It's an easy walk around the lake, on the railway tracks, not ideal (trespassing, fines), but I know the train schedule and the few times I've seen maintenance they've always been loud enough to give me plenty of time and warning to hide in the trees.
A long walk, after a long and sedentary winter.
There are pegmatites all the way in, everywhere there is potential, and while the bedrock is most clearly visible along the cuts there's another 90% of the ground that can be dug up, there are abundant changes in terrane, numerous faults, and every 50 or 100 yards there's signs of another pegmatite.
A little bit of banging, quartz, smoky quartz, some black tourmaline in the beginning, small muscovite flakes, lots of feldspar, as you get further in the muscovite turns to biotite mica, some pegmatites - narrow, an inch, max, others several feet wide. Chip, chip with the hammer. I need to bring a can of paint to mark the areas with more promise.
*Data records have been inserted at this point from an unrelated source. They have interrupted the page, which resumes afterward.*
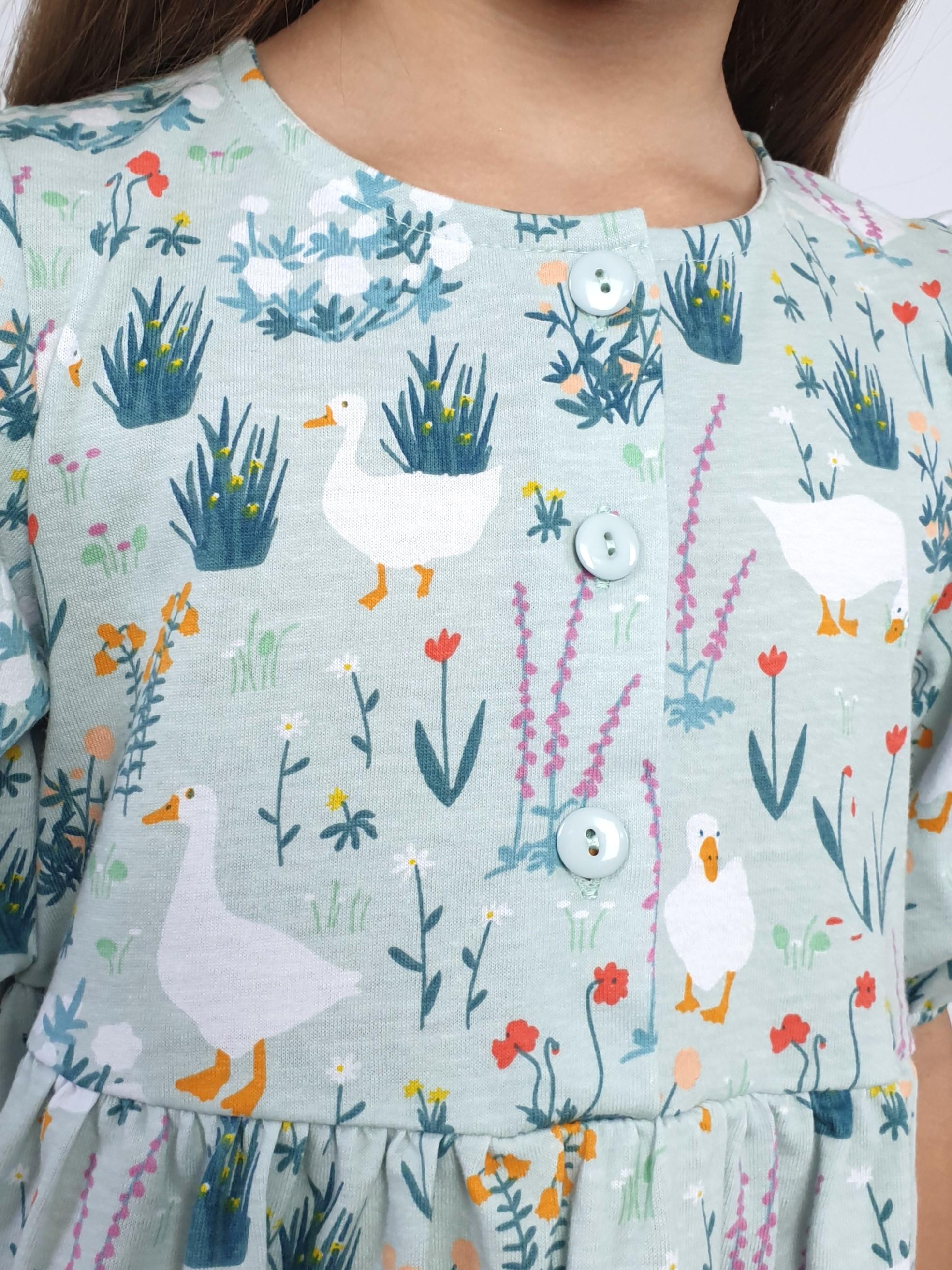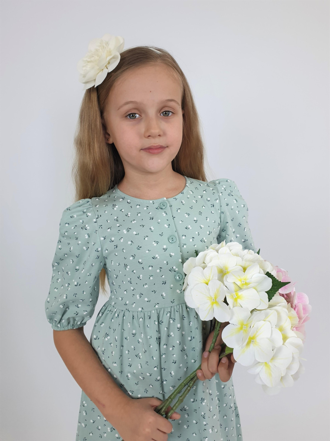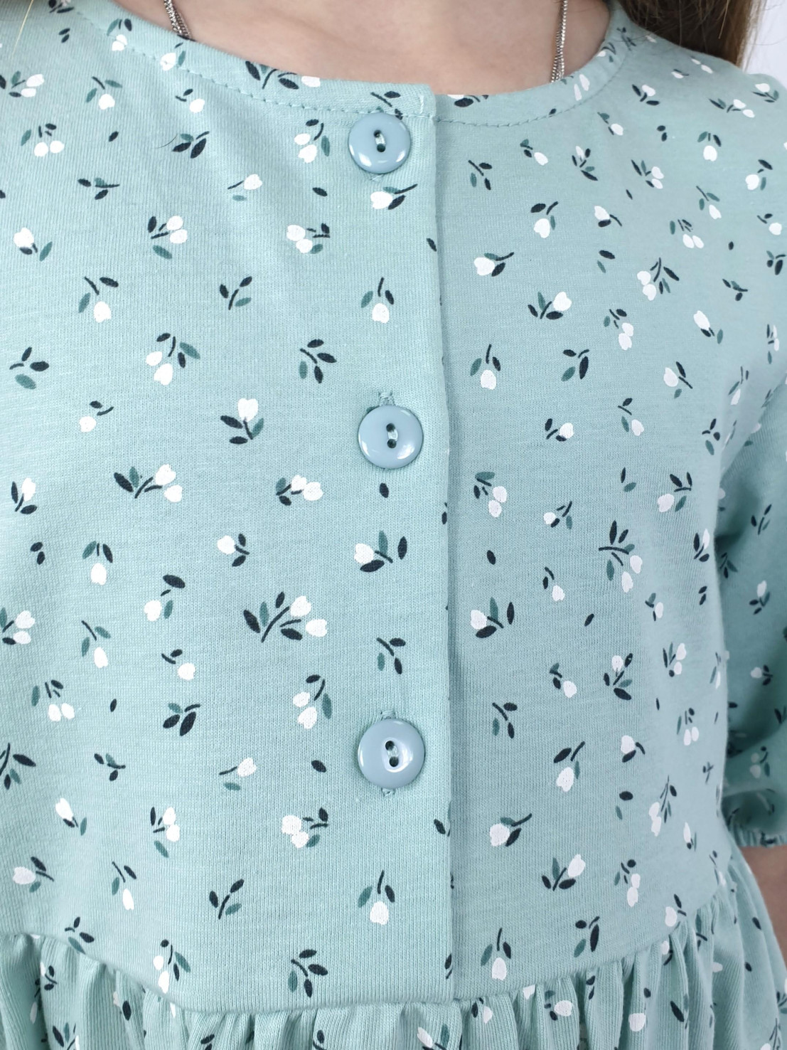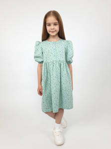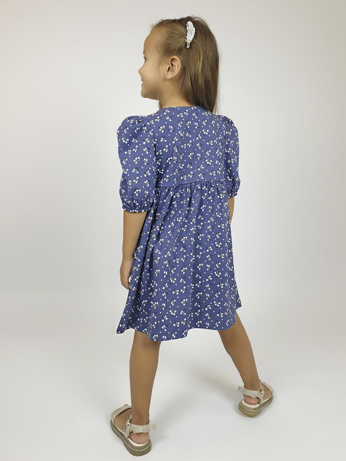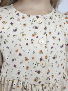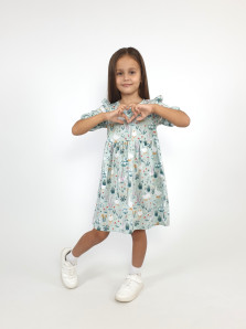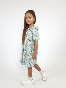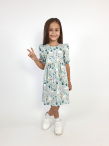 Кулирное полотно (набивка): 100% х/б. Платье-с отрезной юбкой в сборку.Короткий рукав с резинкой внизу,сборка по окату.Горловина окантована и подшита,застежка центральная на пуговицы.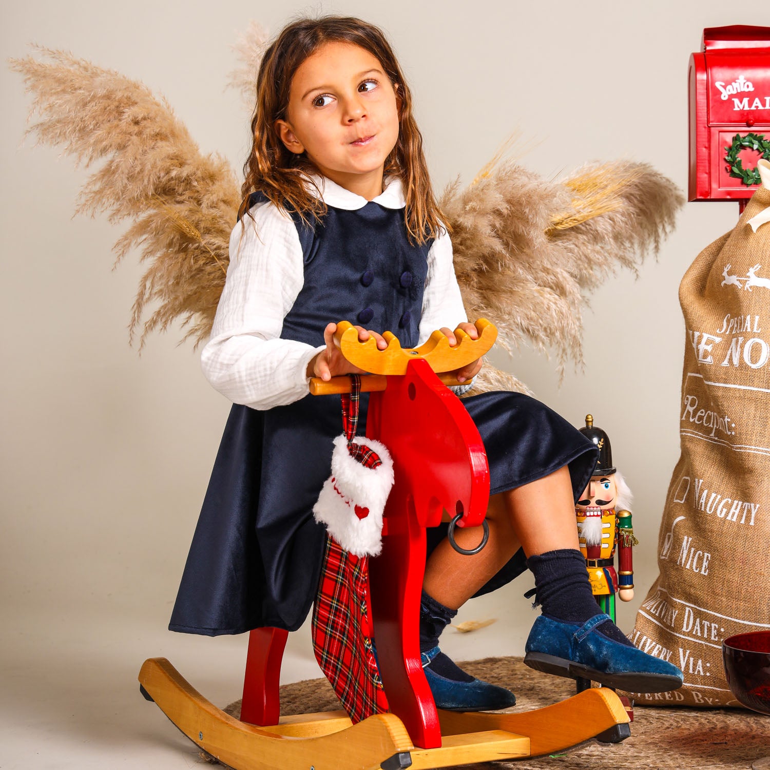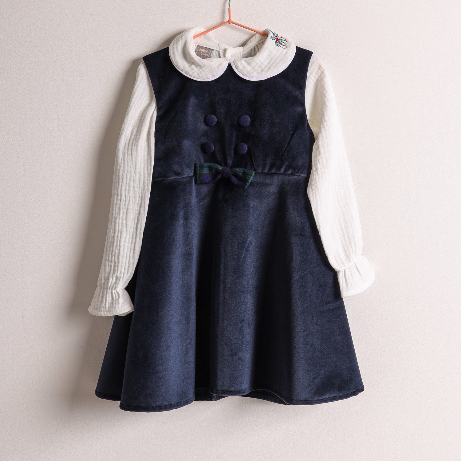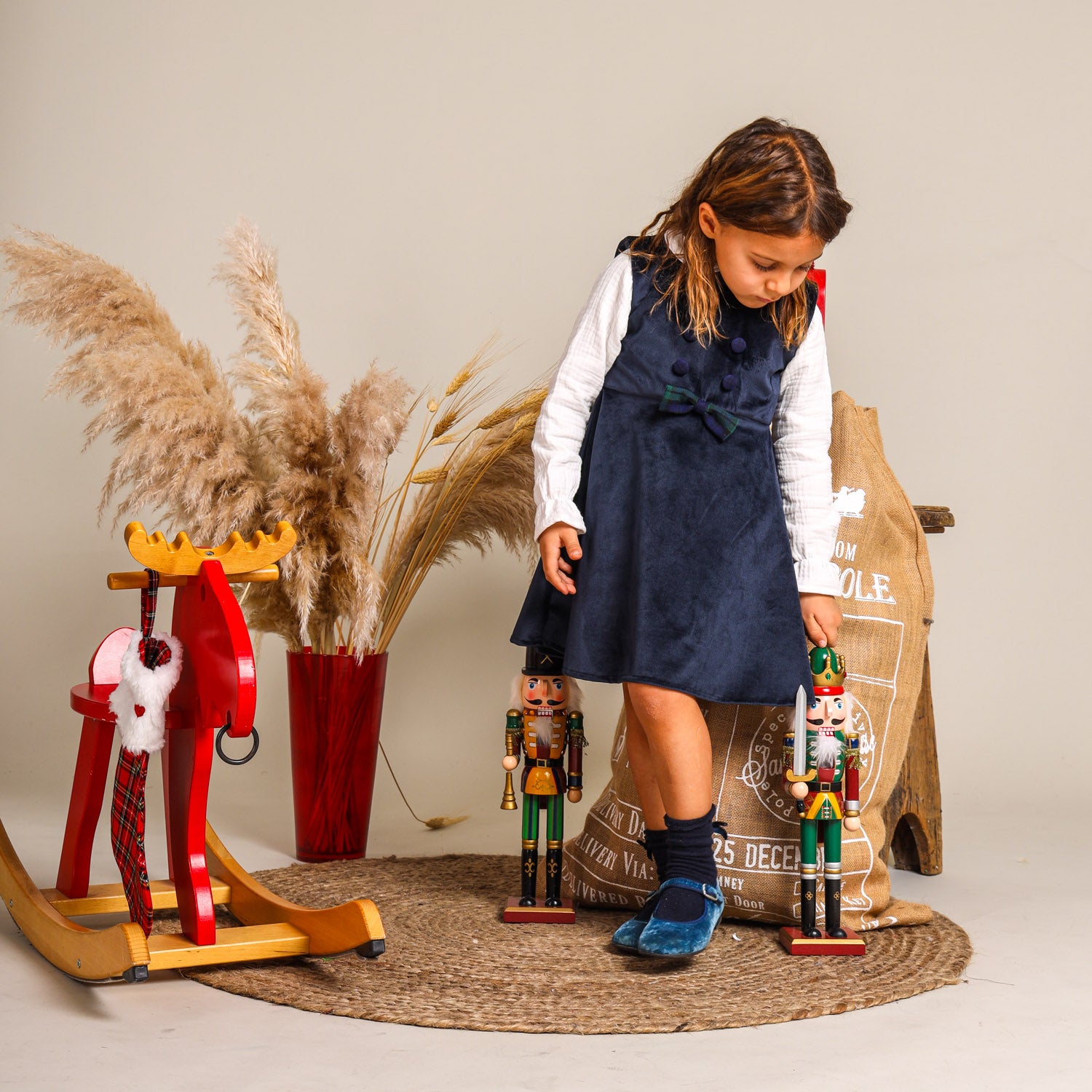 ••Con il suo taglio minimalista e i suoi dettagli raffinati, l'abito bimba della nostra Christmas Coordinates è realizzato in morbido velluto. Di un bel blu deciso o di un rosso Natale , questo capo emblematico dall'eleganza francese potrà essere indossato durante le festività natalizie con la camicetta , in mussola di cotone tripla garza , arricchita da un colletto con ricamo natalizio!••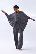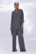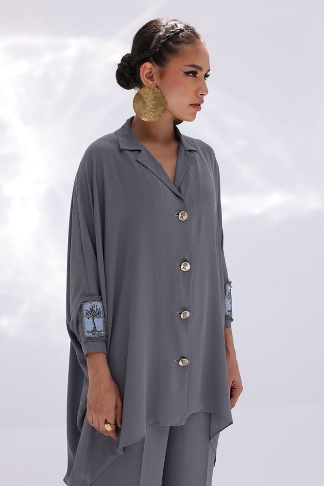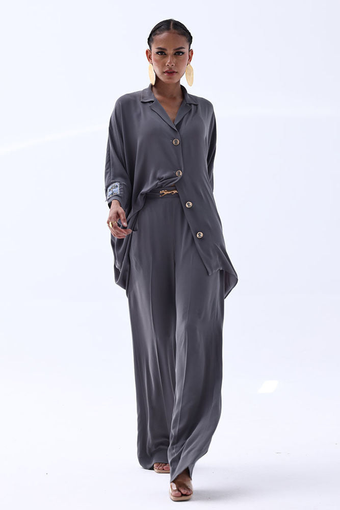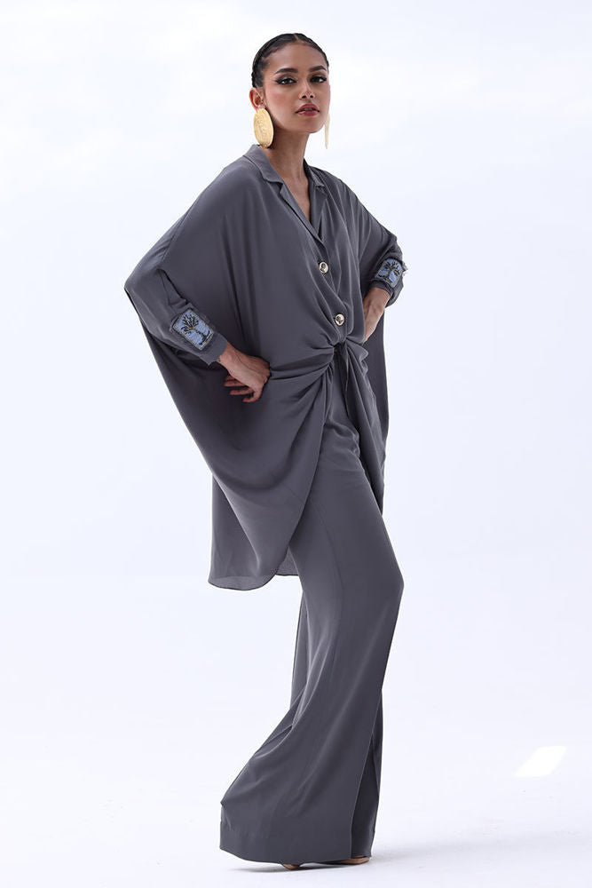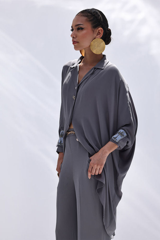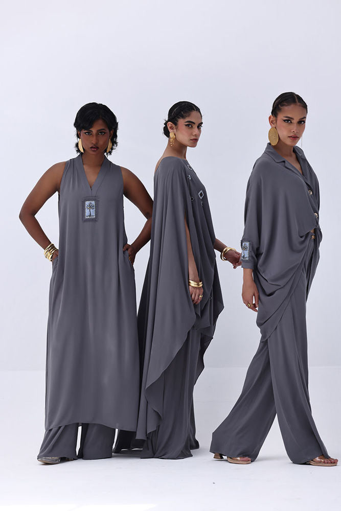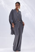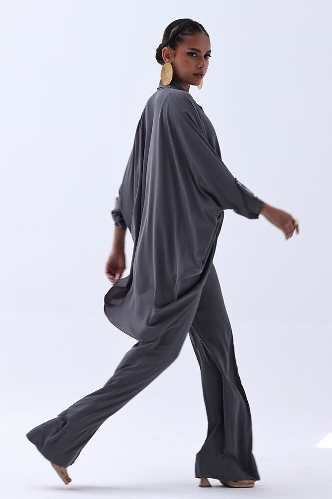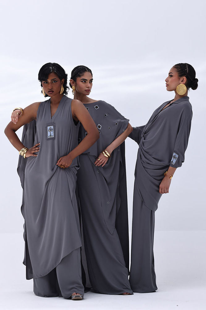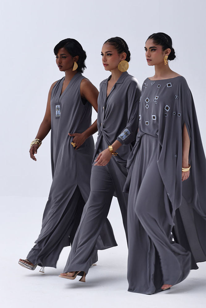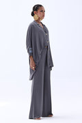 Timeless and refined, this Charcoal Grey Georgette outfit features hand-crafted bunch work on both sleeves, adding a touch of artisanal charm. Intricately adorned with gold and multiple shades of grey Cut Dana, the embellishments catch the light with subtle brilliance. The flowing georgette fabric enhances the graceful silhouette, making it ideal for sophisticated evenings and special occasions.

9 KM in, roughly, and it's more or less time to turn back. This is definitely worth considerably more prospecting, exploring, most pegmatites where I've found anything it's only been after repeated efforts and digging, there are so many here that even to canvas the ones I've seen exposed would take several months, let alone the ones that must lie buried under overburden and moss, and the countless others that must line the tracks for the next 100 KM or so...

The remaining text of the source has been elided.